Given data =>
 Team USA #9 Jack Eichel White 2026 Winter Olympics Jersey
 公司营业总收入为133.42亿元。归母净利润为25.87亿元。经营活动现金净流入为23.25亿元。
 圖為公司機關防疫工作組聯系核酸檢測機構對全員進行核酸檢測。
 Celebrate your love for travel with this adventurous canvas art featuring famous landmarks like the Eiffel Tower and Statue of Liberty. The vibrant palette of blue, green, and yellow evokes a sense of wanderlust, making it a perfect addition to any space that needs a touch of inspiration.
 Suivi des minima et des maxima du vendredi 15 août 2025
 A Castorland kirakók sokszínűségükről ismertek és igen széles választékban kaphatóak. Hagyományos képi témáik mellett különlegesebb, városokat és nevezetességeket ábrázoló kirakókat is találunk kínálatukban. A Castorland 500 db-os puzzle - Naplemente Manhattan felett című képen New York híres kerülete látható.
---
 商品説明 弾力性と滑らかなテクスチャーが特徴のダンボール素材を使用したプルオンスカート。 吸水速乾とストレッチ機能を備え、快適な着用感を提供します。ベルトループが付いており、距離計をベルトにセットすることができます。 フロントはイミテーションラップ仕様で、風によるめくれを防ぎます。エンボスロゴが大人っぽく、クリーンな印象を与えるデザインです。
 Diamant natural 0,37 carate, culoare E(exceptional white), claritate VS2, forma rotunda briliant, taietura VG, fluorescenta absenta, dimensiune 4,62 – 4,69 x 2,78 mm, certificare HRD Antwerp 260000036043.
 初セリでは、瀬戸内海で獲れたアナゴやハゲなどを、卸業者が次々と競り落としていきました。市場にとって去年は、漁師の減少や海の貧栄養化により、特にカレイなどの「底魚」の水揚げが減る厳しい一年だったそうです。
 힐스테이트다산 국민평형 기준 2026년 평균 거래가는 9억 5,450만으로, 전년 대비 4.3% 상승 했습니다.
--
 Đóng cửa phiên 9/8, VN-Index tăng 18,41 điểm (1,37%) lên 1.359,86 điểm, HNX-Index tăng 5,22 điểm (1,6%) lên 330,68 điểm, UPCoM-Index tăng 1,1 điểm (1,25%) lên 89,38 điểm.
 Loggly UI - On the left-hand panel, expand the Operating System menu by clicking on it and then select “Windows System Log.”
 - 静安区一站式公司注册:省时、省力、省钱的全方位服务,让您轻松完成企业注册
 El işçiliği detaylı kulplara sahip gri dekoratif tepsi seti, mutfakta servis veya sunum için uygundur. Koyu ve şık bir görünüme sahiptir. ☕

Task objective =>
Of all the entries above, output exactly the lines between the one holding "公司营业总收入为133.42" and the one holding "A Castorland kirakók", inclusive.

Output =>
 公司营业总收入为133.42亿元。归母净利润为25.87亿元。经营活动现金净流入为23.25亿元。
 圖為公司機關防疫工作組聯系核酸檢測機構對全員進行核酸檢測。
 Celebrate your love for travel with this adventurous canvas art featuring famous landmarks like the Eiffel Tower and Statue of Liberty. The vibrant palette of blue, green, and yellow evokes a sense of wanderlust, making it a perfect addition to any space that needs a touch of inspiration.
 Suivi des minima et des maxima du vendredi 15 août 2025
 A Castorland kirakók sokszínűségükről ismertek és igen széles választékban kaphatóak. Hagyományos képi témáik mellett különlegesebb, városokat és nevezetességeket ábrázoló kirakókat is találunk kínálatukban. A Castorland 500 db-os puzzle - Naplemente Manhattan felett című képen New York híres kerülete látható.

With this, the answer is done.